- WORK TASK: Could you copy exactly the lines below from the one with "Pánské ponožky 006" to the one with "Özenle seçilmiş İtalyan", inclusive, leaving out any pictures?

- DATA:
· · · · · · ·

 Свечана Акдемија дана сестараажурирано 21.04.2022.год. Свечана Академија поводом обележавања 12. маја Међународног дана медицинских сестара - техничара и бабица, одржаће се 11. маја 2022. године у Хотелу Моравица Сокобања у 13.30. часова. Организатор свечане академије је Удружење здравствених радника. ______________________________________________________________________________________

· · · · · · ·

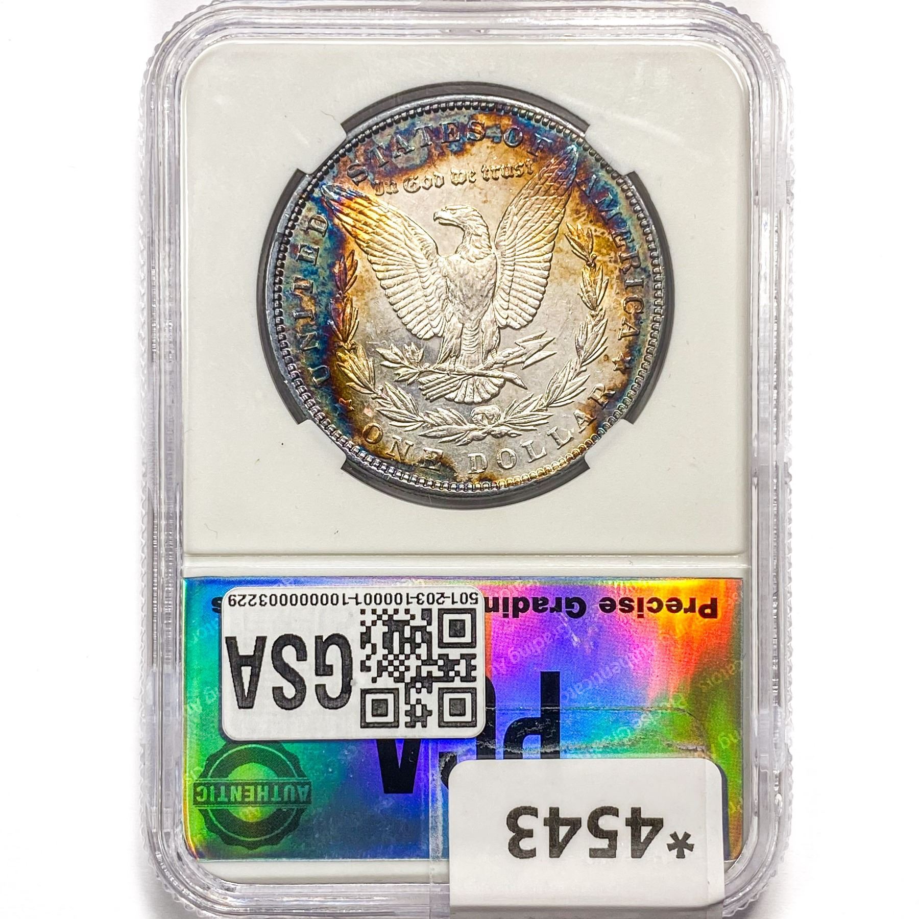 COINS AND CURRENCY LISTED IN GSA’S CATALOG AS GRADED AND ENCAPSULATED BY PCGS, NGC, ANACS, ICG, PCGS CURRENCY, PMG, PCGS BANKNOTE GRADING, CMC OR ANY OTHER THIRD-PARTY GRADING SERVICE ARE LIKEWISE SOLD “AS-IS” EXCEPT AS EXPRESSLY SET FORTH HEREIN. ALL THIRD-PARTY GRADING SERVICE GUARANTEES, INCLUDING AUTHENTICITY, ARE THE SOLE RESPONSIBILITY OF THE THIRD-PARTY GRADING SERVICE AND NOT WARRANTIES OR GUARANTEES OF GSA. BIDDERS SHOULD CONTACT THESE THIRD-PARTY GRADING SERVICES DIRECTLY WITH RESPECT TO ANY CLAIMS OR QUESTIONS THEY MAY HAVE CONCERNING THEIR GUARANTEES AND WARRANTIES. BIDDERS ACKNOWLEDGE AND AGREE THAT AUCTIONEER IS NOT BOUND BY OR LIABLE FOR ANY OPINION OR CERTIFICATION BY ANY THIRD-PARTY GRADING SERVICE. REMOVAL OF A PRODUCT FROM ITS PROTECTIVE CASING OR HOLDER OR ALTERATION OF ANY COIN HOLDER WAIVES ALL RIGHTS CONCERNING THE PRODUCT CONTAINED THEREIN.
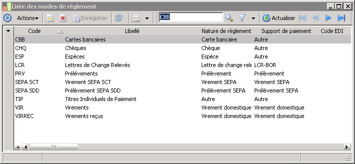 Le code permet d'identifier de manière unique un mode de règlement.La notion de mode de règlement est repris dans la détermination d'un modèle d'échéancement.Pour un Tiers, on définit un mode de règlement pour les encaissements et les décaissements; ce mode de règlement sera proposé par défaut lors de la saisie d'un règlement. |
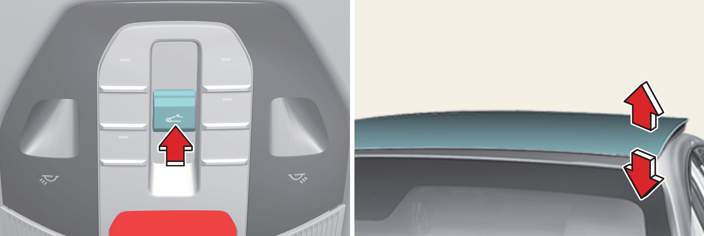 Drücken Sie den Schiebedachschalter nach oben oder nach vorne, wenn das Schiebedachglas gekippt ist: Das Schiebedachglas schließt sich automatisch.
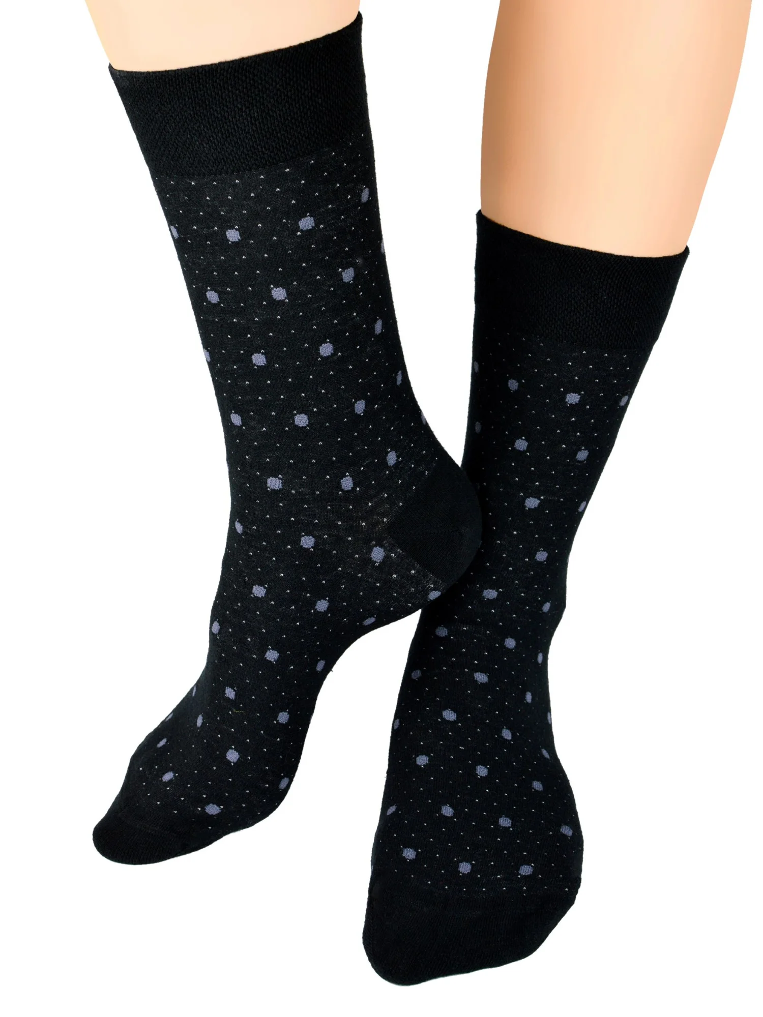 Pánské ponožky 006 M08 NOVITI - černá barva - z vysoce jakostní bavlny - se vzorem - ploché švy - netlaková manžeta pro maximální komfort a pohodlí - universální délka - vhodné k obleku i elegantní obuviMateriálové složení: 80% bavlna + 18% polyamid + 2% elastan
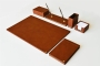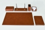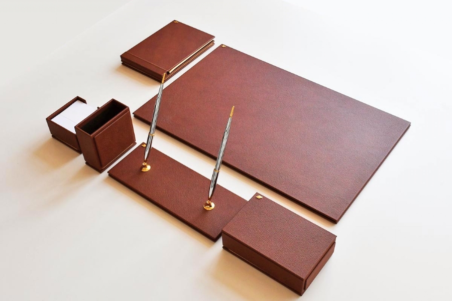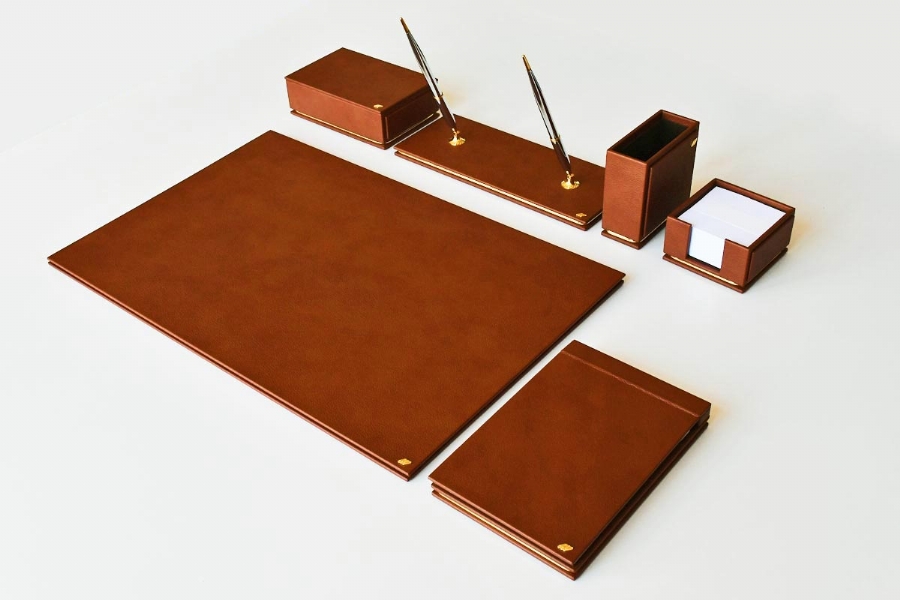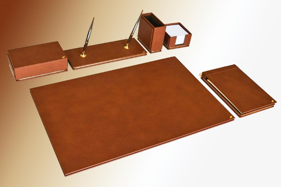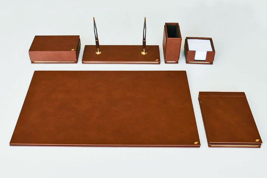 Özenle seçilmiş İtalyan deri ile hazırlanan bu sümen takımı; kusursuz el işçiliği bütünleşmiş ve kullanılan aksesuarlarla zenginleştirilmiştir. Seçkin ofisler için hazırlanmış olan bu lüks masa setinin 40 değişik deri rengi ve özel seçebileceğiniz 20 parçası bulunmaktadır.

· · · · · · ·

- WRITTEN ANSWER:
 Pánské ponožky 006 M08 NOVITI - černá barva - z vysoce jakostní bavlny - se vzorem - ploché švy - netlaková manžeta pro maximální komfort a pohodlí - universální délka - vhodné k obleku i elegantní obuviMateriálové složení: 80% bavlna + 18% polyamid + 2% elastan
 Özenle seçilmiş İtalyan deri ile hazırlanan bu sümen takımı; kusursuz el işçiliği bütünleşmiş ve kullanılan aksesuarlarla zenginleştirilmiştir. Seçkin ofisler için hazırlanmış olan bu lüks masa setinin 40 değişik deri rengi ve özel seçebileceğiniz 20 parçası bulunmaktadır.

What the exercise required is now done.